Wednesday, July 31, 2013

How Fresh Is a Daisy?

 I took my camera with me on my early morning coffee run with the silly goal of reaching 212 posts for the first 212 days of 2013.  This one does it.  My first camera stop was a little garden outside Midtown Coffee.  When I saw this first Daisy, past its prime, I thought of the common phrase "fresh as a daisy" and got curious about its origin.  Turns out it is likely related to the fact that daisies tend to close up at night and open in the morning.  They probably open more reliably than people hop out of bed.  So, if a person looks alert at 6:00 a.m. and ready to seize the day, the comparison is apt.  But it only works in spring and early summer, unless you keep watering your daisies.  Still, how do we describe an enthusiastic early riser in November?
 This neighboring daisy probably got a little more water, as it looks a little fresher than the one in the first photo.
 This one looks even better. 

Then I moved on to the Sunflowers in front of Quincy Natural Foods.  I usually celebrate them every summer around this time.  Also, on the corner of Coburn and Monte Vista, I see the Sunflower growing out of an old apple tree stump has returned and is blooming.  Further up Coburn, several homes have Sunflowers, Cone Flowers, and other members of the sunflower family looking healthy and displaying an array of bright colors.
 The Sunflowers in front of QNF are in various stages from freshly bloomed to producing seeds.  They're also attracting a good variety of bees and wasps.  Fun to watch.

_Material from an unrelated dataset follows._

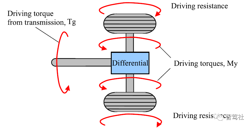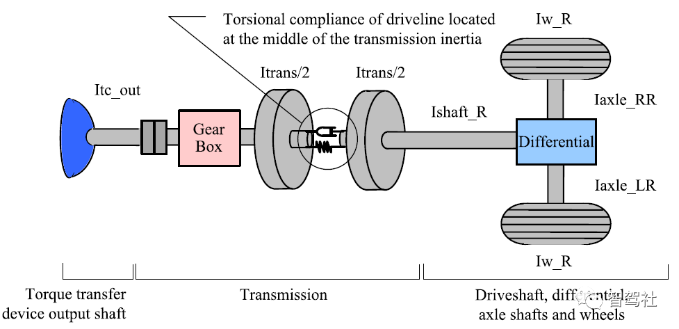 其中Iaxle_R是后驱动轴惯性,涉及驱动轴和车轮两侧的所有惯性,例如:

Next week I'll lead my last week of daily Nature Walks for the season out at Oakland Camp.  I did a little scouting of the area yesterday and things are looking pretty dry.  There were a few species of wildflowers blooming though.  An unusually big crop of Narrow-leaved Milkweed are in the fields between the North end of camp and Gilson Creek.  If they hold out for another week as they host a great variety of interesting bugs.  The Monarch Butterlies are still active in the area.  There are also some Arnica blooming, and Spanish Clover.  The other four species of Milkweed in the area have already gone to seed, and their different sizes and shapes of seed pods are fascinating.  I hope we catch a few at the stage of bursting open and releasing their seeds to the sky.

Thus ends my 212th post in 212 days.